Exercise 2.8 Two types of coin are produced at a factory: a fair coin and a biased one that comes up heads \(55\%\) of the time. We have one of these coins but do not know whether it is a fair or biased coin. In order to ascertain which type of coin we have, we shall perform the following statistical test. We shall toss the coin \(1000\) times. If the coin comes up heads \(525\) or more times we shall conclude that it is a biased coin. Otherwise, we shall conclude that it is fair. If the coin is actually fair, what is the probability that we shall reach a false conclusion?
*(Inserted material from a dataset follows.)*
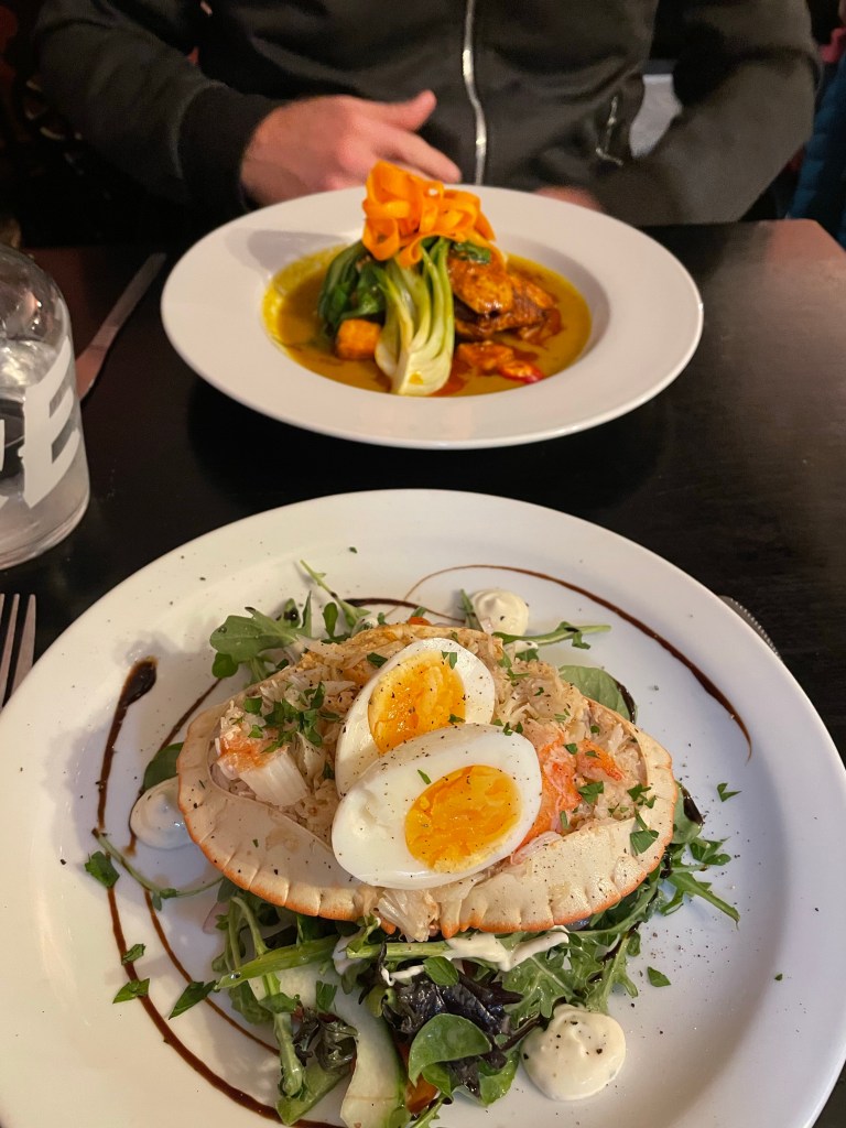 I had originally looked to stay at The Red Lion in Clovelly, a pub right on the harbour, possibly the last building in the village, but the quote was a ridiculous £250, so I had opted for The New Inn, halfway down instead, and less than £100, with the downside that we would have to share a bathroom with the other rooms on our floor (looking at the website, there seems to have been a renovation since). At that time it was basic, but clean and functional, and we were let in early, always a bonus! Despite my fears, the bathroom was only engaged once when I needed it, and all was quiet when I scurried along the corridor in the middle of the night (twice actually, ho hum). As for the pub itself over the road, there was nothing new about The New Inn, it’s been there for hundreds of years and some of the furniture looked just as old! It was dark, cramped and filled with very plain wooden chairs, but appearances can be misleading; the welcome was warm and the food was absolutely fabulous! I had fresh crab and was so impressed I took a photo before we tucked into it. A lovely meal and a bottle of wine is the best cure for one of the less enjoyable days on the Path. We were to be blessed with good weather from here onwards though, so just the terrain to deal with now!

What would it be if the coin were biased?

Exercise 2.9 (Birthday Problem) We will revisit the birthday problem. That is, we have \(N\) people in a room. We further assume that all years have \(365\) days and that birthrates are constant throughout. Using ggplot() plot the \(\Prob{\textsf{at least two people in the room who share a birthday}}\) as a function \(N\), with \(N\) varying from to \(100\). From the plot deduce the following:

  1. What is the value of \(N\) above which there is a \(60\%\) chance that two of the \(N\) people will have a common birthday?
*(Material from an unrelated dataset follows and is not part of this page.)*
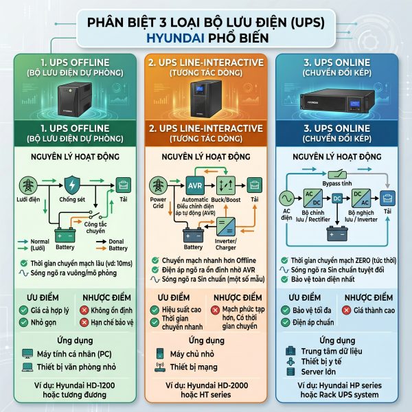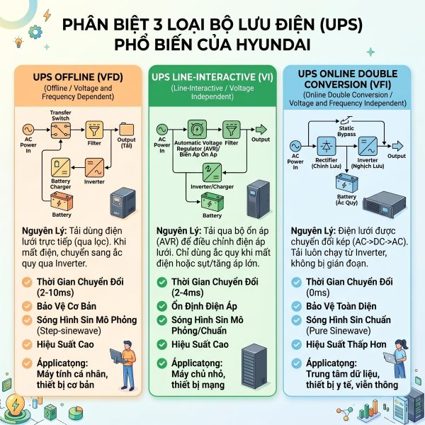 | Tiêu chí | UPS Offline | UPS Line-Interactive | UPS Online |

  2. If \(N = 20\) people in a room, from the plot, infer what is chance that two of the \(20\) people will have a common birthday?

In the same room of \(N\) people, what are the chances that \(3\) people share the same birthday? Can you a write a R-code to implement the same for any \(k\) people?